Custom Ventilation System
Hi all!
I've been working on creating a custom ventilation system for my CORE One to safely print VOC and UFP-heavy filaments like ASA, PA, etc.
I've considered a few options, including the advanced filtration system from Prusa, but I've determined venting rather than filtering fumes will be my best course of action as the printer is located in a living area, and I don't particularly trust a tiny filter to consistently stop VOCs and UFPs from infiltrating the space.
As such, I've modeled and printed a duct that fits a 120mm computer fan and a flexible hose which will vent outside through a window, and attaches to the back of the printer with magnets.
Of course, some of you probably notice this is a 12v fan (it's just what I happened to have laying around), and of course this printer is set up for 24v fans. As such, I designed a little buck converter circuit so I can use this fan safely. Fun fact, I've tested these Noctua NF-P12 fans up to 32v and they actually handle it just fine, although I assume at a significantly reduced lifetime - I certainly wouldn't recommend hooking these directly up to the printer.
The buck converter is basically just a boilerplate design based on the LM2677 datasheet specs. For those curious, the fan connectors Prusa uses are Molex Clik-Mate 502578-0400. Please note the buck converter above used the wrong connector (502443-0470, 2mm pitch) as I neglected to measure the pitch and just guessed. Oops. The correct connector is 502584-0460 w/ 1.5mm pitch (straight, right angle also available w/ P/N 50285-0470).
You may be asking: "why the hell would this idiot design a whole buck converter instead of just ordering a 24v fan?"
Great question! No comment.
Anyways, the buck converter works great and puts out 12v as designed. I've got a bit of an issue, though. I'm not sure why or how, but at some point, I stopped getting a PWM signal at the xBuddy extension board for FAN3.
When chamber filtration is set to none, the chamber fans (connected to FAN1 and FAN2) operate just fine, as they are driven by a separate PWM control from the MCU. However, when I set it to advanced filtration to enable FAN3 and disable FAN1 and FAN2, I get nothing.
The most confusing part is that the fan WAS spinning at one point, albeit throwing errors as it's only designed to spin at 1700RPM full tilt and the advanced filtration fan is intended to spin at 3400RPM as indicated in the firmware:
constexpr FanRPMRange filtration_fan_range = FanRPMRange::nominal_with_percentual_tolerance(3400, 15);
This, of course, can be remedied pretty easily by modifying the firmware. However, before I realized this was the issue, I was "troubleshooting" by brute force plugging/unplugging things thinking this would change something, and I believe this may have contributed to the issue - it appears I may have blown the MOSFET that switches the PWM signal (Q10A below).
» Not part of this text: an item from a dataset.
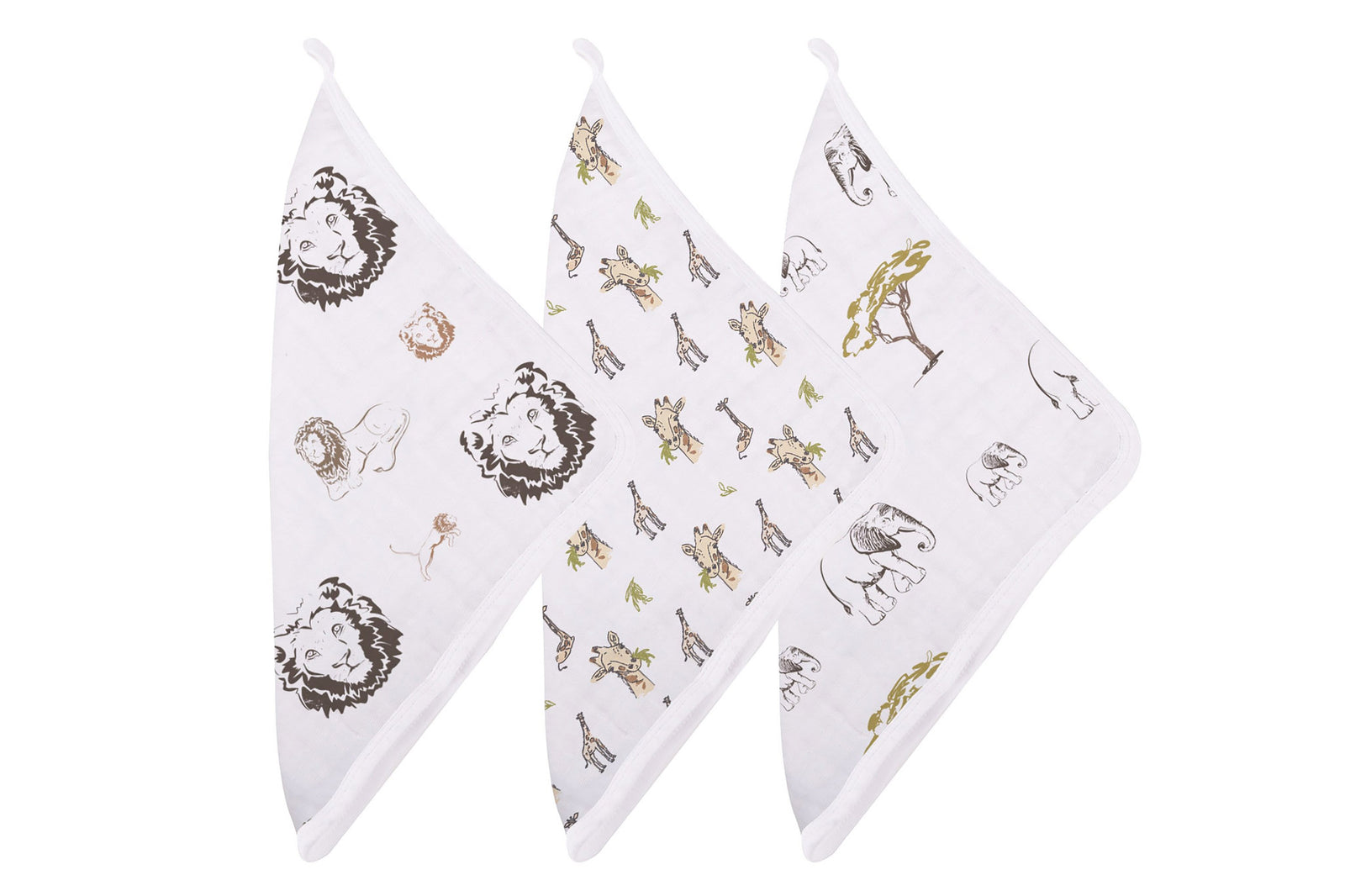 On The Savannah Washcloth Set 3pk. Our generously sized bamboo washcloths are a bath time essential. Featuring an attached loop for quick drying and colorful prints for bath time fun.
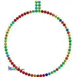 In humans and Xenopus laevis there are three closely related copies of U18 (called U18A, U18B, U18C) which are encoded in introns of ribosomal protein L1.[2] In yeast U18 is located in the introns of Elongation Factor 1 beta (EF1-beta). Related snoRNAs in Arabidopsis thaliana and rice Oryza sativa have been named R63 and Z106 respectively. Factors involved in the processing of the intronic snoRNA have recently been elucidated.[3]

Now - I have an idea of which MOSFET this is on the board, but with no labels in sight, I have no way to be sure. The schematics provided by Prusa also show test points for certain circuits, but these are not labeled either. Is there any way to get some sort of PCB diagram that shows the label of each component? I'm not asking for manufacturing data, just something to help me figure out where in the world these teensy tiny components are located so I can diagnose them properly.
Feel free to critique this design - I'm certainly no experienced PCB designer. TIA, updates to come!
RE: Custom Ventilation System
I'd something similar, but instead of putting extraction fan near to the printer, I put extraction fan at wall-exit.
Extraction fan at wall-exit provide better extraction especially at windy day. In fact I need to stack two fans to generate enough static pressure to push the air out.
RE: Custom Ventilation System
Now - I have an idea of which MOSFET this is on the board, but with no labels in sight, I have no way to be sure. The schematics provided by Prusa also show test points for certain circuits, but these are not labeled either. Is there any way to get some sort of PCB diagram that shows the label of each component?
I don't quite understand. Doesn't your xBuddy board have the silkscreened component reference numbers? Or is the number missing specifically for Q10? You are looking for a 6-pin SOT363 package which contains two transistors, Q10A and Q10B.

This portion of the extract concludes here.